In the past, to infer 3D DNA structures, scientists have first used a technique called Hi-C to determine the 2D interactions between sections of DNA. Hi-C involves physically cross-linking interacting stretches of DNA and then fusing them together. That way, all the interacting stretches of DNA, even if they are far apart on the chromosome, will appear side by side in the sequencing data. These 2D data would then be used to build 3D models, but this required a lot of assumptions about what would happen based on the DNA sequence and proteins that hold loops of DNA together. The researchers behind the new study didn’t want to make that many assumptions. “All we wanted to do is simply make a structure that follows the rules from experiments,” says the study’s first author Anna Lappala, a polymer physicist at Massachusetts General Hospital.
So the researchers incorporated experimental 2D interaction data, simulated physical forces, and Newton’s equations of motion to predict the 3D structure of the X chromosome. They didn’t stop with 3D, however. They repeated the process at different time points during a process called X chromosome inactivation (XCI), thus adding the fourth dimension to their analysis. The high-resolution modeling, which required analysis of enormous datasets, was made possible by using supercomputers at Los Alamos National Laboratory.

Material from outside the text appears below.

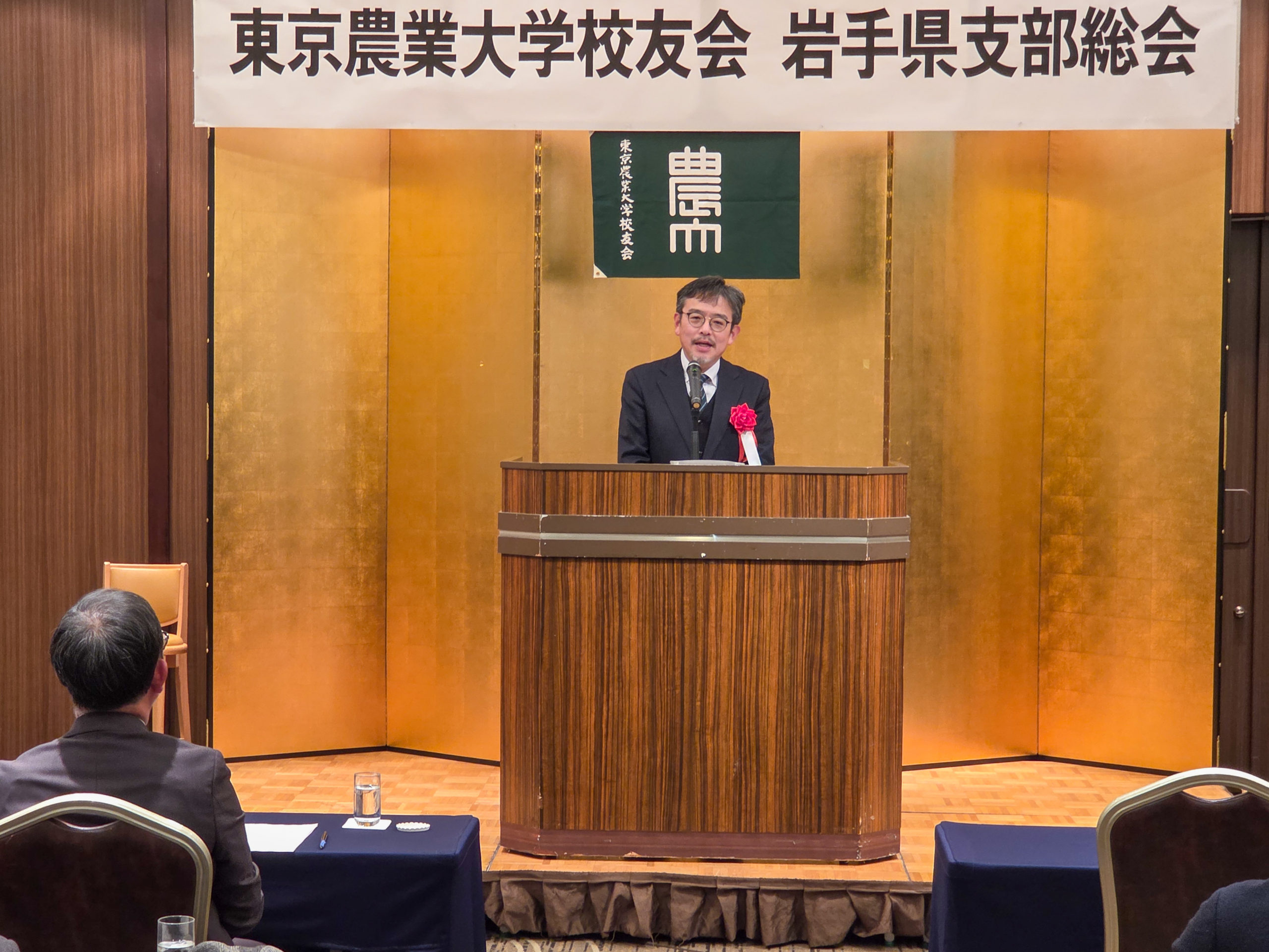 冒頭、運萬勇支部長(昭50林)の主催者挨拶が行われ、続いて来賓としてご出席いただいた校友会小野副会長から、校友会の現状と活動の目的・課題について説明がありました。さらに、地域環境科学部長の竹内康教授より、少子化の時代への大学の取り組みや、他大学での農学部新設の動向について紹介がありました。
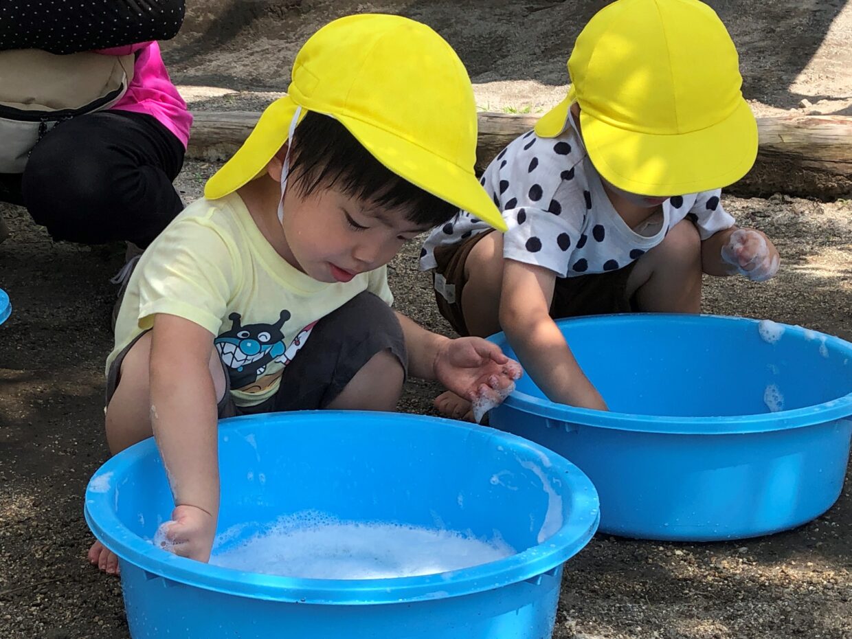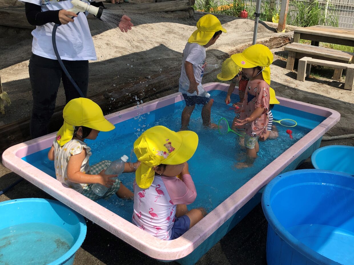 プールでは、金魚すくいごっこやペットボトルシャワーをしたり、タライを使い、泡遊びを友達や保育者と一緒に夢中になって楽しむ姿が見られていましたよ。

When two X chromosomes are present in a cell, most of the genes on one X are deactivated through XCI to prevent developmental abnormalities. This silencing is initiated when one X expresses a noncoding RNA called Xist that coats the chromosome.
The results of the structural modeling show that as the X chromosome undergoes XCI, it forms a dense core with a looser surface. Several genes known to escape XCI are located at the surface, which the researchers suggest might allow better access for the molecular machinery that expresses genes. “What’s really ground-breaking about this paper is that we figured out a way to visualize the 3D structure of the X chromosome based on a decidedly two-dimensional map that one gets from Hi-C datasets,” says Jeannie Lee, a molecular biologist at Harvard Medical School and coauthor on the paper. The authors were also able to track the spread of Xist RNA on the chromosome over time, which they show in a video.

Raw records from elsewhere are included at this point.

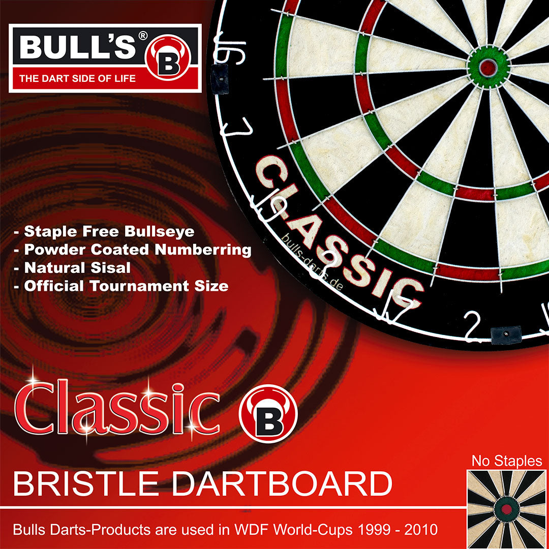 Bristle Dartboard aus hochwertigem Sisal in der offiziellen Turnierabmessung ca. 45 x 4 cm, mit aufgesetztem runden Spider. Eine Nutzungsanleitung und eine Boardwandhalterung werden mitgeliefert. |
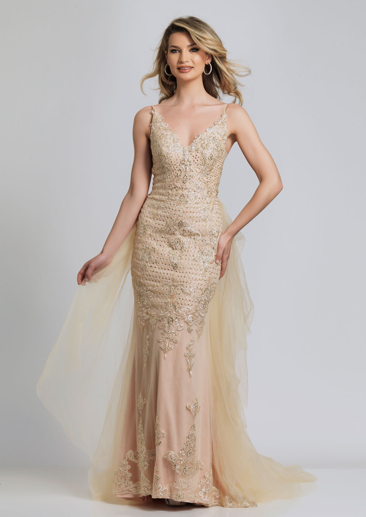 Dave and Johnny Prom Dress A9030. A lace mermaid dress with a tulle overlay skirt.
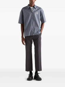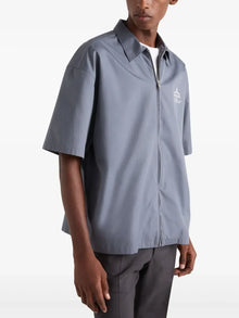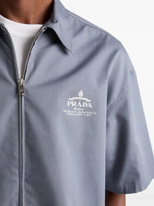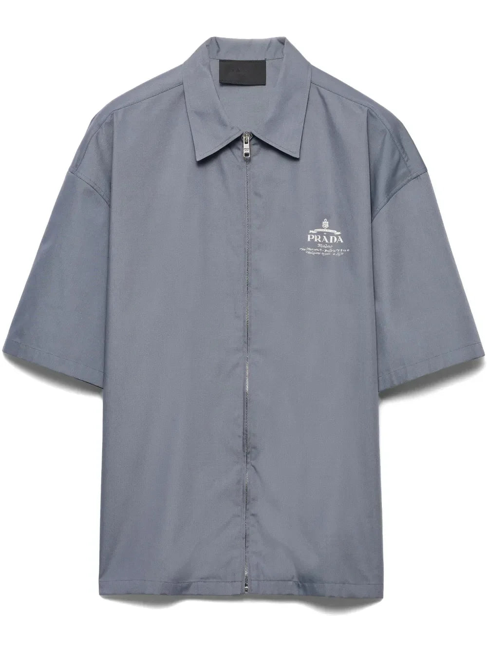 Be cool and confident in the Prada logo-print shirt. With a light grey background, front zip fastening, and drop shoulder, you'll look effortlessly stylish. Short sleeves and a straight hem provide a casual and comfortable fit. Perfect for any occasion, this shirt is a must-have for your wardrobe.

Sanbonmatsu, also an author on the paper, says that their computational approach to modeling 3D structure could also be applied to the rest of the chromosomes in the genome.
Computing the future of biology
“What I think is most significant about this kind of work [in the PNAS paper] is the attempt to explain something very complex, such as the structure of the genome and especially dynamic processes in the genome, based on the fundamental first principles of physics,” says biomedical engineer Vadim Backman of Northwestern University who wasn’t involved in any of the three studies.
“Across all three papers, an important point to make is how critical computational analysis and modeling is for this area,” adds Murphy. In the three new papers, powerful computers allowed the scientists to take huge experimental datasets and learn something new about organelles, chromosomes, and other structures without years and years of manual work.
To speed up the analysis of data and progression of 3D cellular biology research even more, the authors of all the papers are committed to open access to data. “It’s much better to let the world see what we have invested in,” Xu says. Xu has patented the new microscope technology, but it is free for universities and nonprofits to use, and the atlas of 3D cell data is freely available to explore. Sanbonmatsu wants to eventually enable biologists to look at the 3D structure of whichever chromosome or gene they are interested in using a “point and click on a browser.”
“We’re trying to democratize this whole process,” she says.